I have given this very elaborate background so that this application is looked at in its context. Contrary to one of the grounds stated in Misc. Application No. 24 of 2011 that there was an error on the face of the record as court was misled to set aside the decree of court in H.C.C.S. No. 497 of 2004, a review of the records as above does not indicate that such an order was given in Misc. Application No. 462 of 2010.

For that reason, the judgment and decree in that suit remains as it has never been quashed or set aside by any court. It would have of course been irregular if the Registrar had done so in her ruling in Misc. Application No. 462 of 2010 because she did not have the power/jurisdiction to review or set aside a decision of a judge.

I am of the considered opinion that setting aside the dismissal and reinstating Misc. Application No. 24 of 2011 will not serve any useful purpose in view of the background of this case as highlighted above.  If the application is reinstated, this court would have to determine whether or not it was irregular for the 1st applicant and his counsel to proceed with taxation hearing without notifying the administrators of the estate of the late Ndagire.

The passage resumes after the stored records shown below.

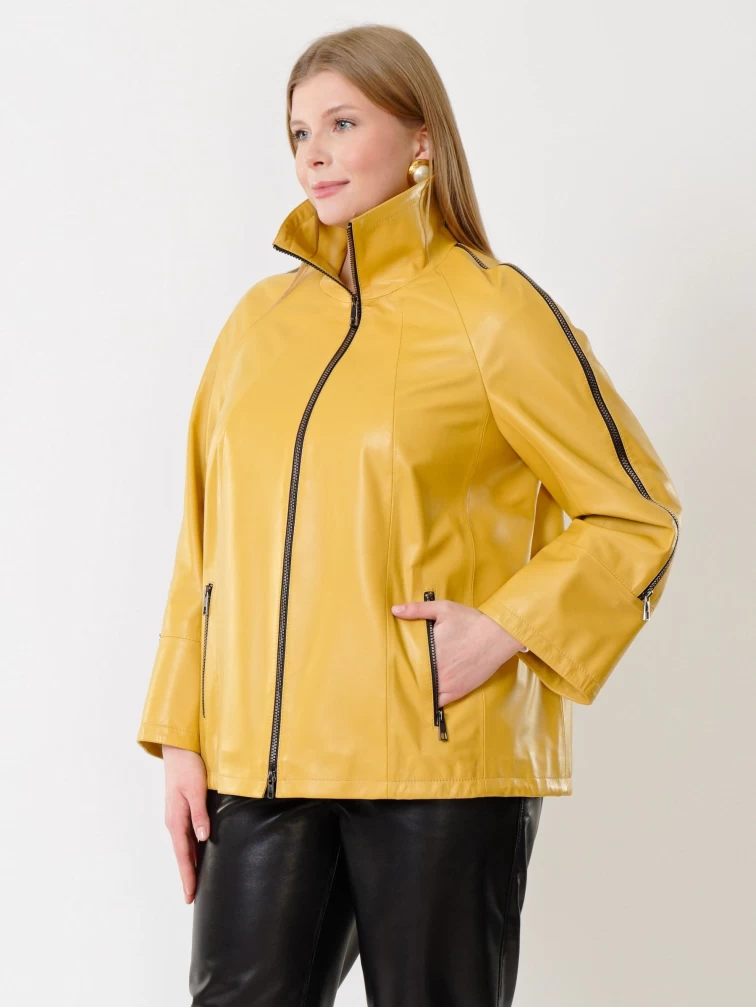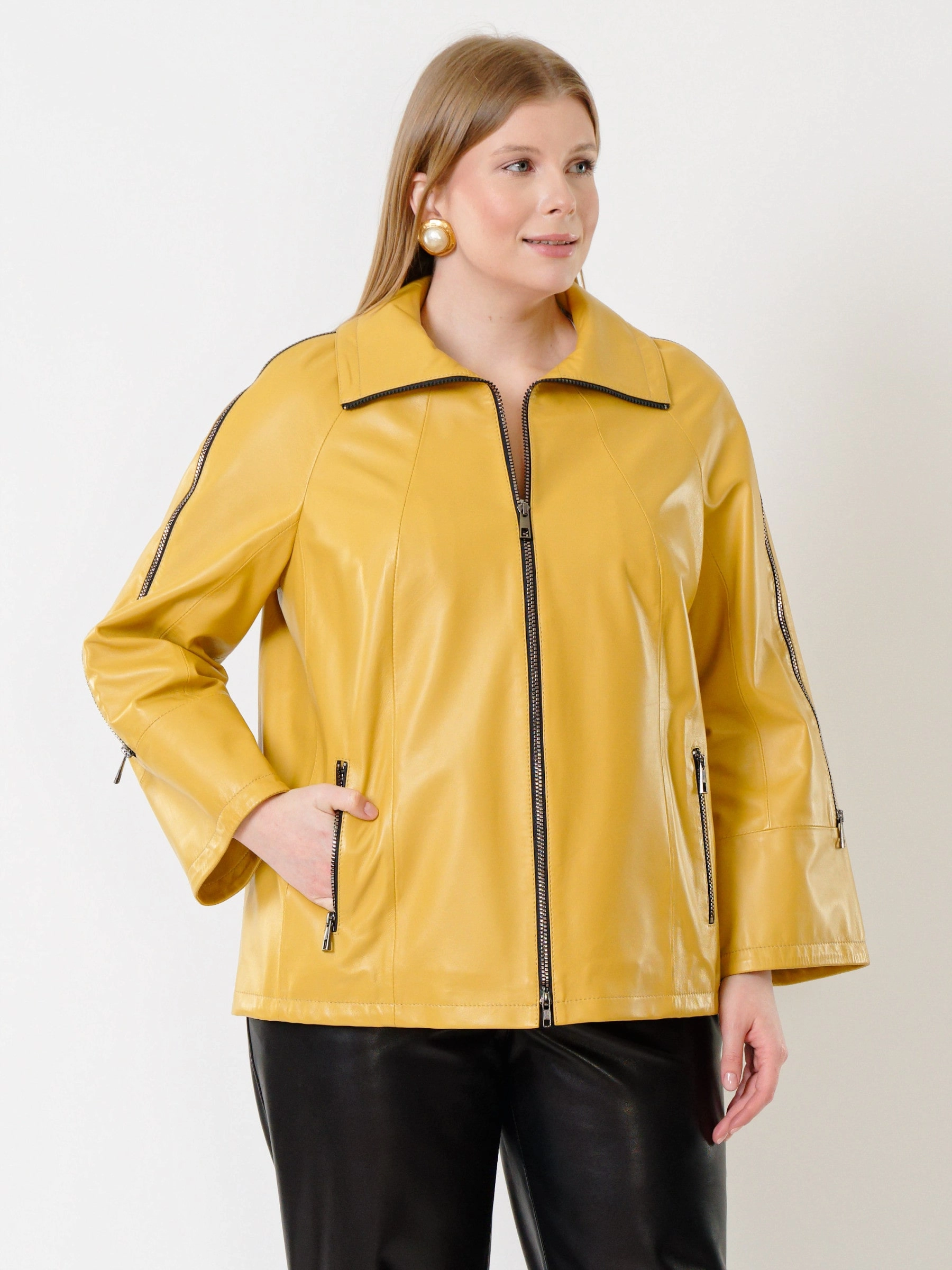 Товар кожаная женская куртка оверсайз 385, желтая, размер 52, артикул 91331 выполнен из натуральной кожи с застежкой молния. Рассчитан на сезон: демисезон. Длина изделия 65 см, силуэт свободный.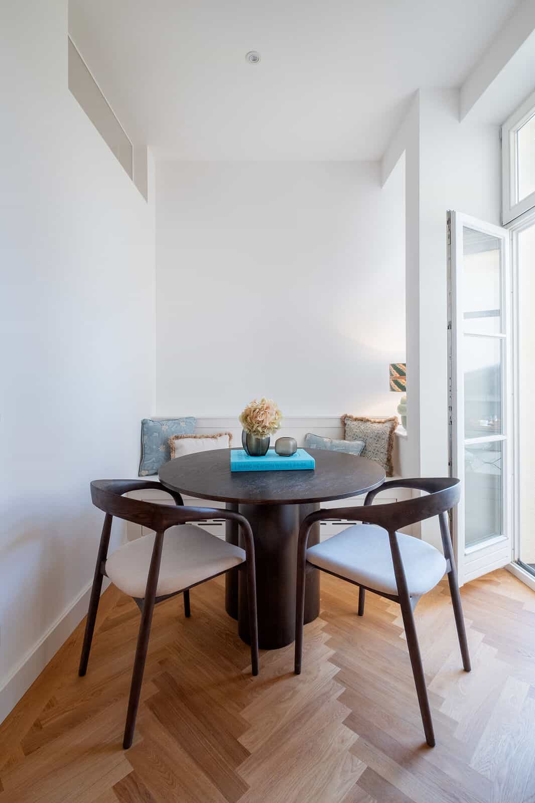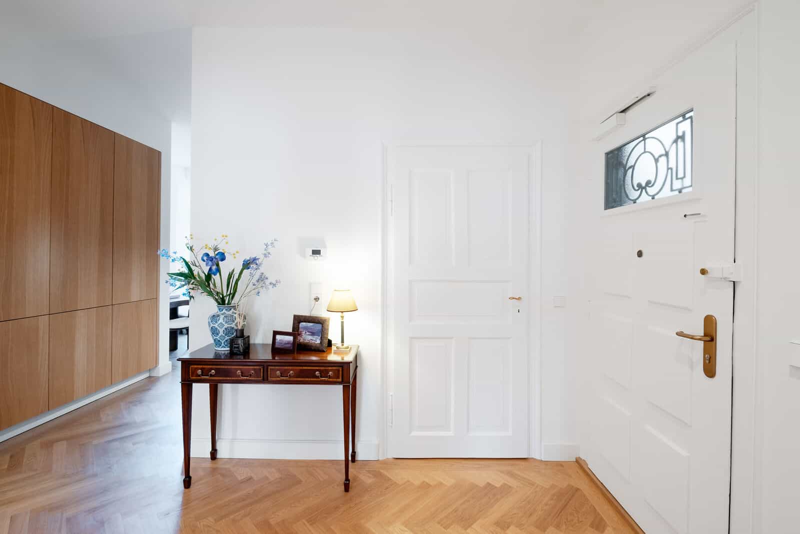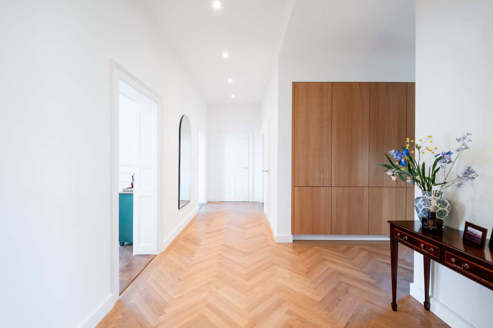 Im Inneren bestimmen wenige, aber starke Elemente das Bild. Das Eichen-Fischgrätparkett – teils original, teils aufwändig aufgearbeitet – zieht sich durch alle Wohnräume und verleiht jedem Schritt Charakter. Weiße Fußleisten, Stuckprofile an den Decken und Kassettentüren mit historischen Messingbeschlägen bilden den zeitlosen Rahmen. Die Schiebetür zwischen Wohn- und Esszimmer ist dabei nicht nur funktional, sondern selbst ein gestalterisches Statement.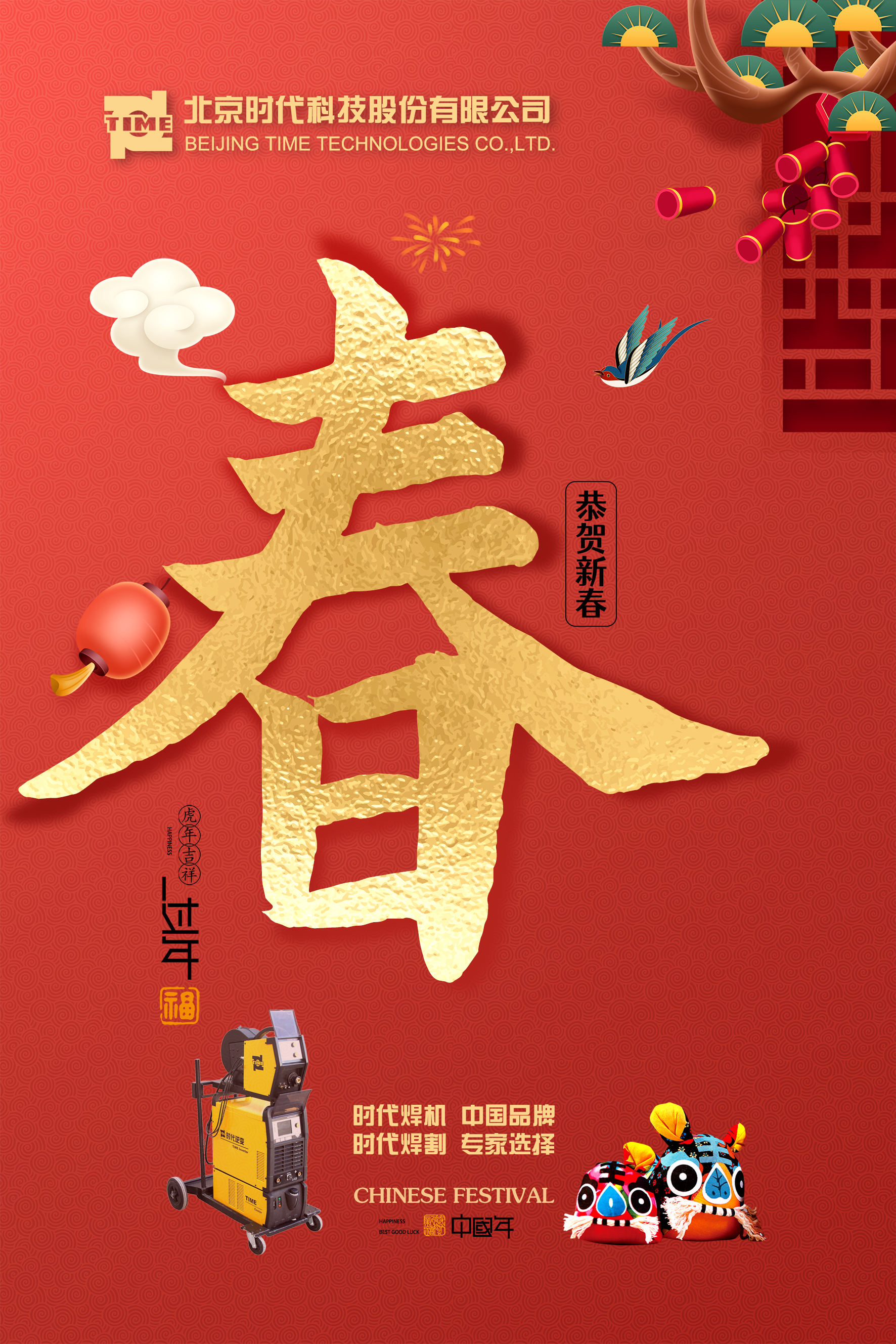 金牛辭舊歲,玉虎迎春來。在這辭舊迎新之際,全體時代人把最真誠的祝福送給您:祝時代焊機的新、老朋友們新春快樂!闔家幸福!萬事如意!
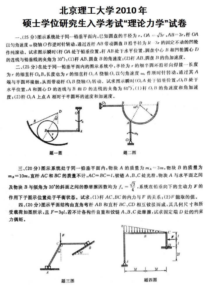 2010北京理工大学848理论力学半岛在线注册真题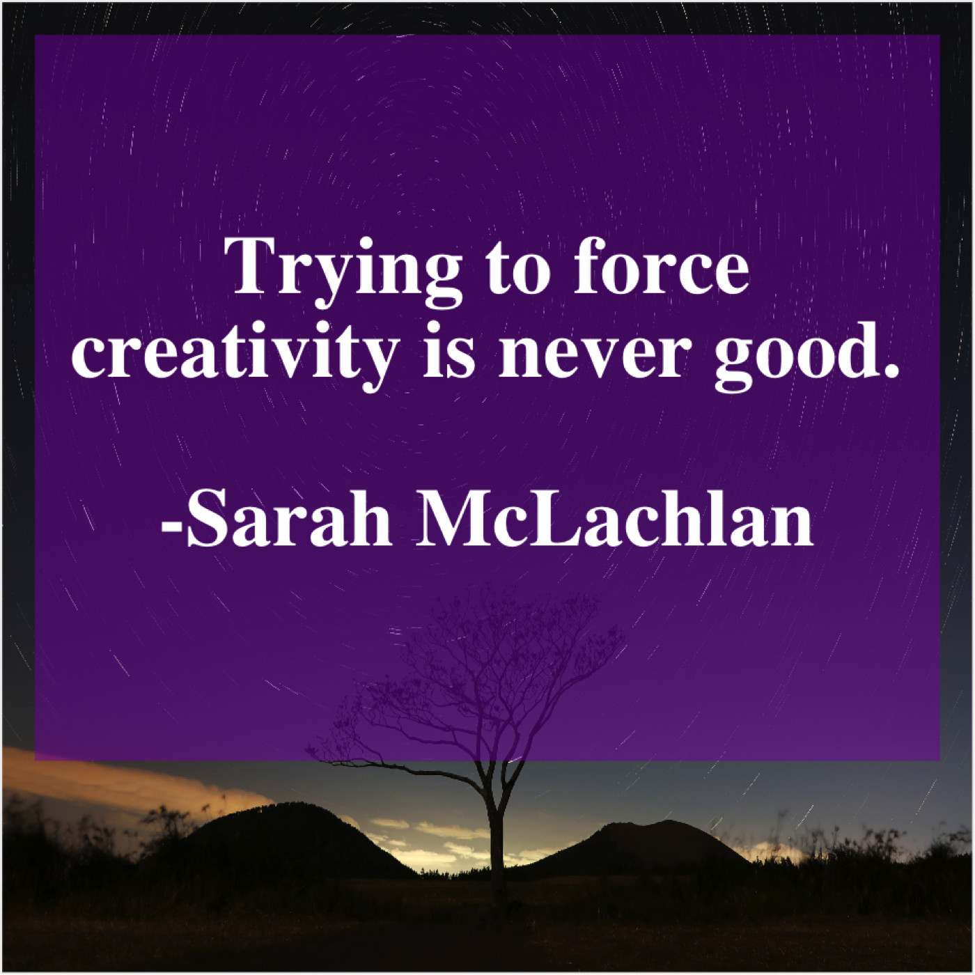Sarah McLachlan Sarah McLachlan – Trying to force creativity is… June 23, 2019 admin “Trying to force creativity is never good.”-Sarah McLachlan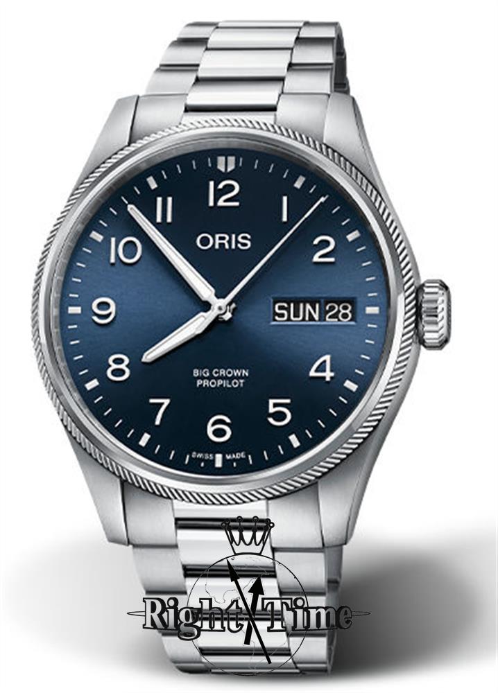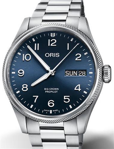 Oris Big Crown ProPilot model 01 752 7760 4065-07 8 22 08P. Oris Caliber 752 (base SW 220-1) automatic movement with day/date function. Blue dial with Arabic numerals. Stainless steel case and bracelet. Sapphire crystal.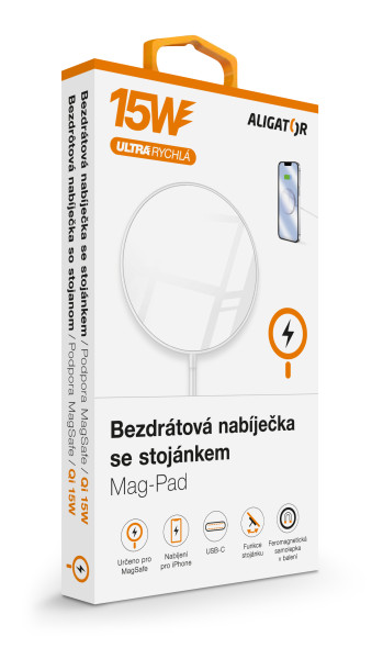 Kompaktní zpracování v elegantní bílé barvě se zářivě lesklým povrchem, praktickým stojánkem a 1m dlouhým přívodním USB-C kabelem, to je bezdrátová nabíječka Aligator Mag-Pad. Součástí balení je také feromagnetická samolepka, díky které můžete rozšířit kompatibilitu u pouzder, které tuto technologii nepodporují.

This is a question of fact and law which in my view would most likely be determined in favour of the respondents.

To my mind the remedy for the applicants does not lie in setting aside the dismissal and reinstating Miscellaneous Application No. 24 of 2011.  I strongly believe that the applicants are still at liberty to file a fresh bill of costs in H.C.C.S. No. 497 of 2004 and serve on the administrators of the late Ndagire’s estate so that it is taxed inter-parties.  This is because as already stated above, it was the taxation proceedings and ruling that were set aside and execution proceedings stayed for the reasons given and not the judgment and decree in the main suit in which cost was awarded to the 1st applicant.

In the circumstances, taking this application in its context as analysed above, this court is satisfied that it is not necessary to grant it because it will not serve the best interest of justice and expediency. In the result this application is accordingly dismissed with costs.

I so order.

Dated this 24th day of February 2012.

 

Hellen Obura

JUDGE

Ruling delivered in chambers at 3.00 pm in the presence Mr. Denis Byaruhanga for the applicants, Mr. Steven Babi the 1st applicant and Mr. Henry Sebwami one of the respondents.